Description: FNP Activation request causing performance issue
Reported On: August 24, 2019
Tracking #: SSRE-328
Between August 24th and 31st the system experienced periods of degraded or unresponsive performance. This was the result of unexpected client behavior during license activation processes. The activity caused excessively high CPU load on a primary database which slowed down processing time on all services relying on it.
System alerts began triggering around 2AM Pacific on the 24th indicating a database problem. Restarts were performed in an effort to clear/reset connections to the system. Moving traffic to a secondary/replicate server was also done. Neither of these proved helpful. The problem continued post restart as well as followed to the secondary server. Some high volume traffic was then rerouted to the disaster recovery site. This proved effective for that traffic but did not resolve the high CPU condition in the primary data center.

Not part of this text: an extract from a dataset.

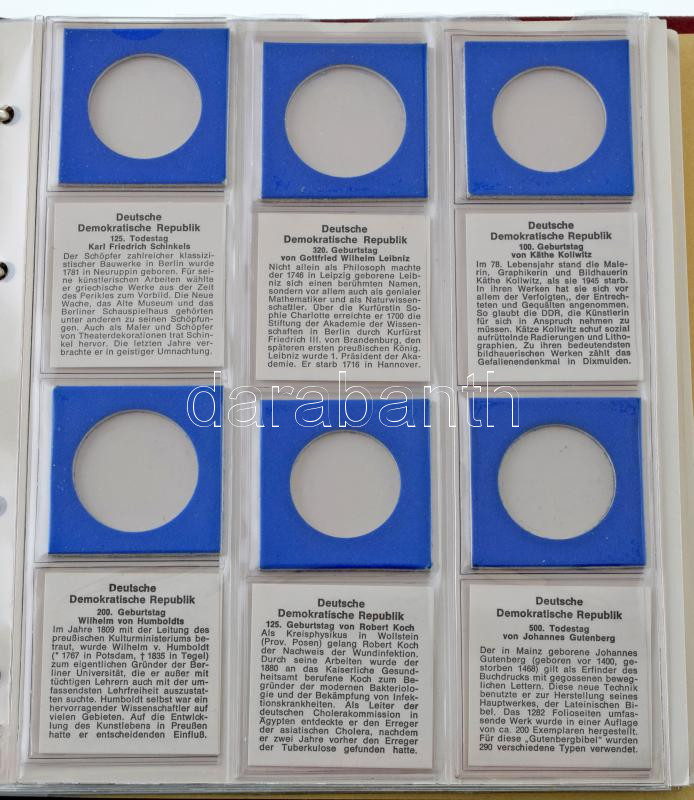 Leírás: Használt, jó állapotú gyűrűs érmealbum, benne 11 berakólap, sok NDK-s érméhez illő tanúsítvánnyal

Further analysis indicated that a certain SQL query was consuming the majority of the CPU. A review of the code showed that the query in question is dynamically generated based on the activity of the client attempting to license itself using FNP Activation. In this case, the client activity resulted the creation and execution of an unreasonable and non-performant SQL statement.
Researching the FNP client activity showed anomalous behavior. The client is expected to increment a sequence number with each request. In this case, that was not occurring. The FNO server application code did not adequately take that scenario into consideration when generating the SQL statement. The intermittent behavior of the service disruption can be tied to the activity of this client.

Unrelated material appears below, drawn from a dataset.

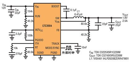 工作頻率在 800kHz 至 4MHz 范圍內,可用一個 RT 到地之間的外部電阻器編程。就開關噪聲敏感應用而言,LTC3601 和 LTC3604 可在相同的頻率范圍內從外部同步,而不管 RT 的狀態(tài)如何。無需外部 PLL 組件實現(xiàn)同步。

Anomalous client behavior in the FNP Trusted Storage Activation exposed an application design flaw where the application dynamically created a SQL statement that consumed all the database CPU when executed.
The immediate resolution was to alter the data related to the misbehaving client. This prevented the generation and execution of the problematic SQL statement.
The application has also been updated and deployed (Sept 12th) with new SQL which accounts for similar scenarios.